Exposição sobre Dom Quixote terá peças da coleção particular de José Seráfico

Mostra dedicada à obra de Miguel de Cervantes marca as comemorações do Dia Internacional do Livro


12/04/2017 às 13:15

Em 2002, escritores de diferentes nacionalidades foram convocados para eleger a maior obra de ficção da literatura mundial. Com ampla margem de votos, o título foi dado à novela “Dom Quixote”, do espanhol Miguel de Cervantes, que narra as aventuras de um cavaleiro perdido entre a realidade e a fantasia. Agora, o livro do século 17 será tema de uma exposição no Paço da Liberdade, Centro Histórico de Manaus, onde ficará em cartaz entre 17 de abril e 19 de maio. A atividade faz parte das comemorações pelo Dia Internacional do Livro, celebrado no próximo dia 23, e também vai contar com palestras e seminários.

O destaque da mostra vai para as peças do acervo do professor José Seráfico, que há 30 anos coleciona itens relacionados ao “cavaleiro da triste figura” – como o personagem-título também é descrito no livro. Na coleção, estão reunidas cerca de 70 imagens de Dom Quixote, que ora aparece sozinho, ora acompanhado por seu fiel escudeiro Sancho Pança. 

Na “galeria” criada num dos corredores da casa do professor, há peças de todos os tamanhos, materiais e procedências, como explica Seráfico. “A menor de todas é uma feita de palito de dente, comprada em Santiago do Chile, mas comprei muitas no Brasil mesmo.
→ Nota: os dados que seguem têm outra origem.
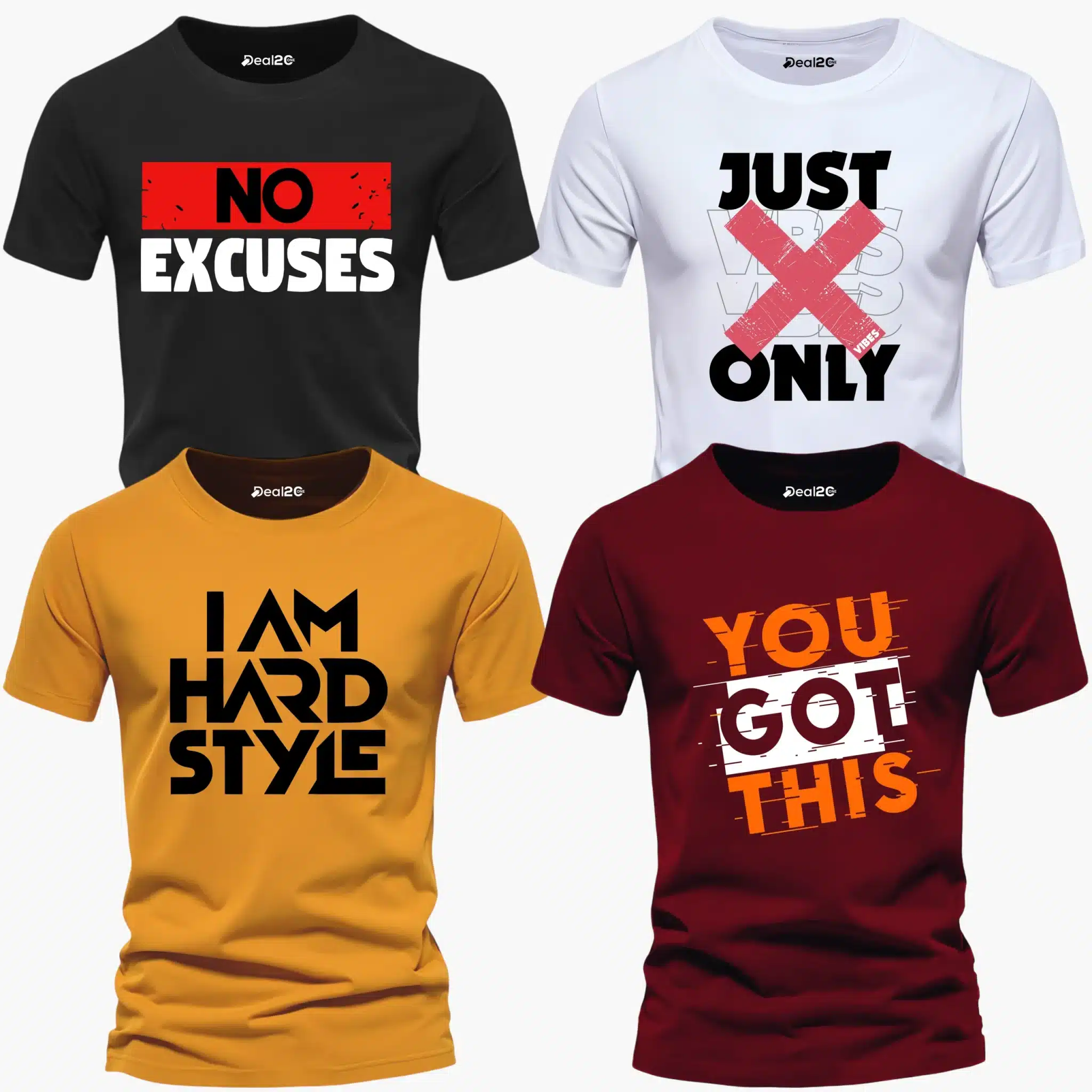 Introducing our Pack of 4 Mens Printed T-shirts, a must-have addition to your casual wardrobe. Crafted with meticulous attention to detail, these t-shirts offer a perfect blend of style, comfort, and durability.

Tem de origami, alumínio, azulejo, talheres e maior delas tem uns 80 centímetros e é feita de peças de uma máquina de escrever”.

Leitura

O clássico de Miguel de Cervantes caiu pela primeira vez nas mãos do professor durante a adolescência, talvez tomado de empréstimo de um dos tios dele, que também tinham o hábito da leitura. “Desde que li fiquei impressionado com a personagem e os valores que ele tentava disseminar. Depois disso, comprei o primeiro Dom Quixote no início da década de 80, numa loja do Rio de Janeiro, e veio a vontade de colecionar”, relembra ele. 

Desde então, Seráfico releu o livro incontáveis vezes – a mais recente foi quando ele acertou o empréstimo parte da sua coleção para a mostra no Paço. “Em 2011 lancei um livro chamado ‘Bússolas’, que reúne quatro ensaios dedicados às ‘agulhas’ da minha bússola: duas personagens históricas (Jesus Cristo e Che Guevara) e duas da literatura (Carlitos e Dom Quixote). No ensaio, mostro Dom Quixote como representante dos valores humanos mais altos, como o sonho, a utopia e a luta contra a injustiça”.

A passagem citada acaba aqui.